Vehicle loan creditors can be very aggressive about repossessing their collateral—that vehicle which happens to be your crucial means of transportation. They are probably so impatient because this kind of collateral is so mobile and easy to hide. Plus the creditors’ decades of experience probably tell them the longer they wait the less likely they’ll be able to find the vehicle, and have it still be in decent condition.

So, most vehicle loan contracts give the creditors the right to repossess as soon as you’re in default on your agreement, which means as soon as you miss a single monthly payment. But for a variety of practical reasons, they don’t tend to pop cars that fast, usually letting you get 30 or maybe 60 or even more days late, depending on a bunch of factors such as your payment history, whether and what you’re communicating with them, and the value and condition of the vehicle.

In your own circumstances you probably have a decent feel for when you should be getting worried about a possible car or truck repo. If you are concerned, you may feel better that one of the most powerful tools of bankruptcy—the “automatic stay”—can stop the repo man in his tracks. That’s the law that automatically goes into effect the moment your bankruptcy case is filed at court to stay—or stop—all collection activity against you or your property, including the repossession of collateral.

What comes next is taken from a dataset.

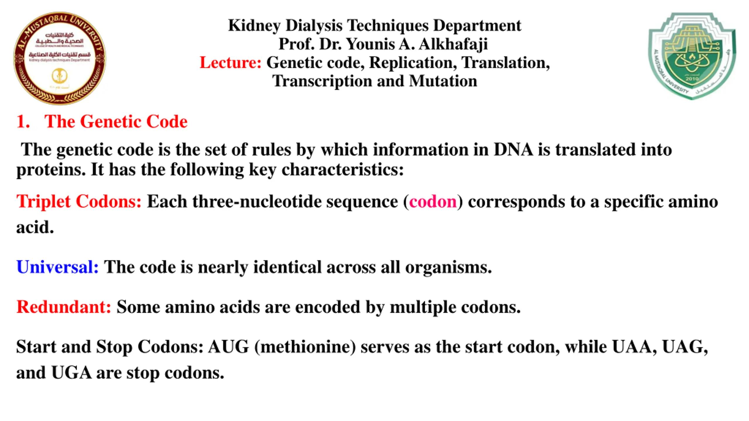 Kidney Dialysis Techniques Department Prof. Dr. Younis A. Alkhafaji Lecture: Genetic code, Replication, Translation, Transcription and Mutation 1. The Genetic Code The genetic code is the set of rules by which information in DNA is translated into proteins. It has the following key characteristics: Triplet Codons: Each three-nucleotide sequence (codon) corresponds to a specific amino acid. Universal: The code is nearly identical across all organisms. Redundant: Some amino acids are encoded by multiple codons. Start and Stop Codons: AUG (methionine) serves as the start codon, while UAA, UAG, and UGA are stop codons.

But assuming you file a bankruptcy and stop a repo before it happens, what happens next? The two different consumer bankruptcy options each help in different ways. The rest of today’s blog is about how Chapter 7 helps in this situation, and the next blog will be how Chapter 13 does.

Right after filing a Chapter 7 case you have to decide whether you want to and can afford to keep the vehicle, or instead will surrender it. (This is part of what we would discuss with you before your case is filed.)

If you want to keep your car or truck you will likely need to catch up on any late payments very quickly–within a month or two after your Chapter 7 was filed. The vast majority of vehicle loan creditors will only give you that much time. (The exceptions tend to be local lenders, perhaps with less expensive vehicles for which the debt is much higher than the value of the vehicle, so they have more reason to be flexible.)

Part of the reason the creditors are in a hurry to get you current is that this reduces their financial exposure compared to the value of the vehicle.

There is also a very practical bit of timing involved. To keep the vehicle, you will be required to sign a “reaffirmation agreement,” which is filed at the bankruptcy court. That agreement formally excludes the vehicle loan from the discharge of your debts. So understandably bankruptcy law requires the “reaffirmation agreement” to be filed at court before your debts are discharged. And the court order discharging all your debts is entered most of the time about three months after your case is filed. So you can see why your creditor wants you to be current on your loan before that “reaffirmation agreement” is prepared and filed at court.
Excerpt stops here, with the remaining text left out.